Directed study and research at laboratories/institutions outside of campus. **Prerequisites: **restricted to students with upper-division standing. Consent of the instructor and approval of the department. An application for Special Studies must be filed with the Registrar’s office after approval from the instructor and the department chair.

DSC 198. Directed Group Study in Data Science (2 or 4)

Data science topics whose study involves reading and discussion by a small group of students under supervision of a faculty member. May be taken for credit up to two times. **Prerequisites: **restricted to students with upper-division standing. Consent of the instructor and approval of the department. Department stamp required. An application for Special Studies must be filed with the Registrar’s office after approval from the instructor and the department chair.

DSC 199. Independent Study for Data Science Undergraduates (2 or 4)

Independent reading or research on a topic related to data science by special arrangement with a faculty member. May be taken for credit up to two times. **Prerequisites: **restricted to students with upper-division standing. Consent of the instructor and approval of the department. An application for Special Studies must be filed with the Registrar’s Office after approval from the instructor and the department chair.

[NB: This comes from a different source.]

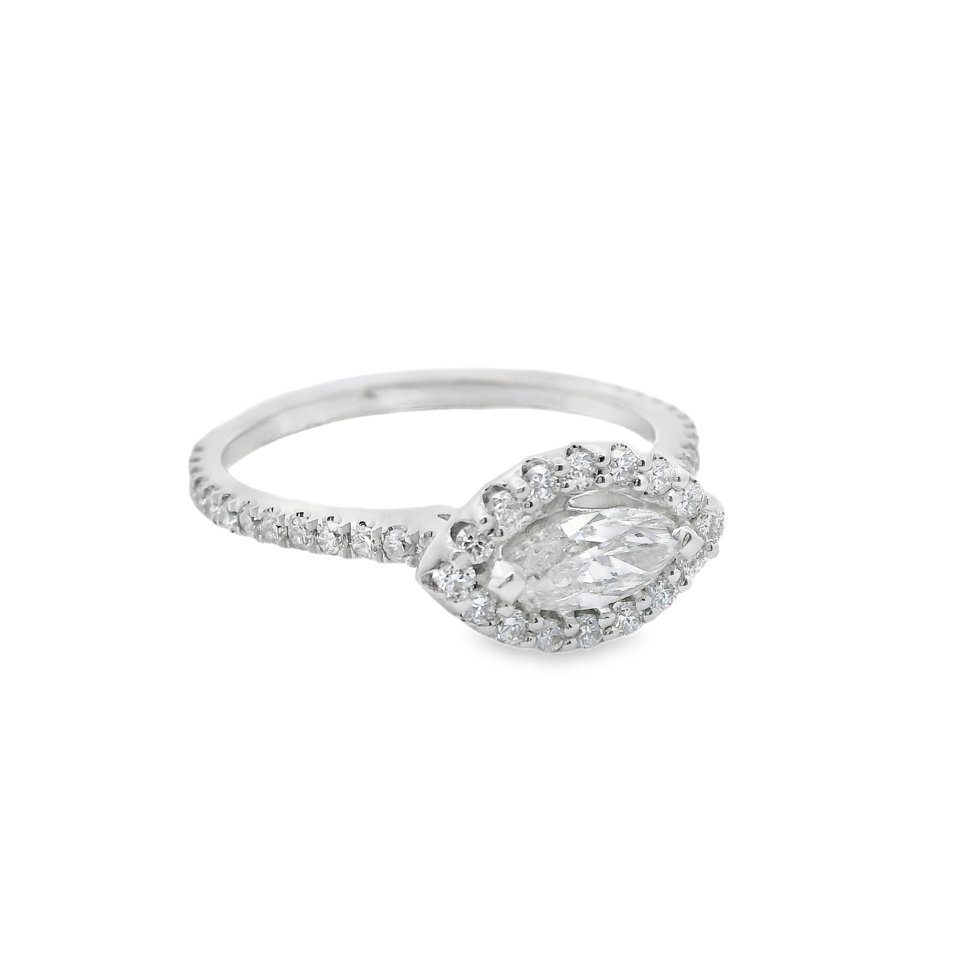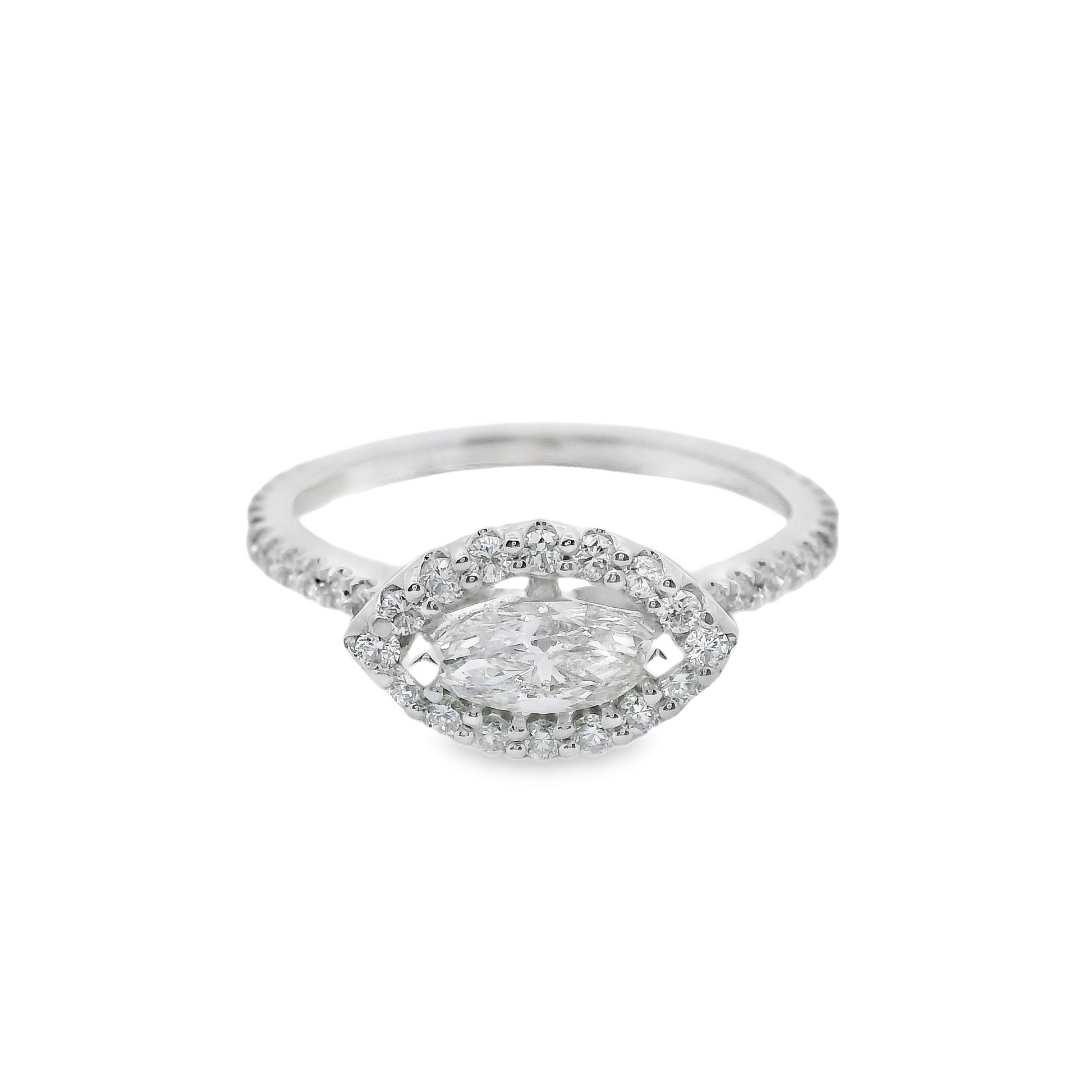 This charming Marquise Cut engagement ring sparkles with a single row of tiny round brilliant micro-pavé diamonds, all nestled within a unique marquise-shaped halo that beautifully highlights the marquise-cut center stone.

DSC 290. Seminar in Data Science (1 or 2)

A graduate seminar course in which topics of special interest in data science will be presented by faculty or by graduate students under faculty direction. Restricted to graduate level students. May be repeated for credit twenty-four times as topics vary.

DSC 291. Topics in Data Science (4)

Topics of special interest in data science. Topics may vary quarter to quarter. Restricted to graduate level students. May be taken for credit up to nine times.

DSC 500. Teaching Assistantship (2 or 4)

A course in which teaching assistants are aided in learning proper teaching methods by means of supervision of their work by the faculty: handling of discussions, preparation and grading of examinations and other written exercises, and student relations. Number of units for credit depends on number of hours devoted to class or section assistance. May be taken for credit up to seventy-two units. **Prerequisites: **DSC 500 is for selected teaching assistants only; therefore, consent of instructor is required.

DSC 599. Teaching Methods in Data Science (2)

Training in teaching methods in the field of data science. This course examines theoretical and practical communication and teaching techniques particularly appropriate to data science. **Prerequisites: **Consent of faculty required. Only graduate students who are TAing for the first time in the data science program are eligible to enroll.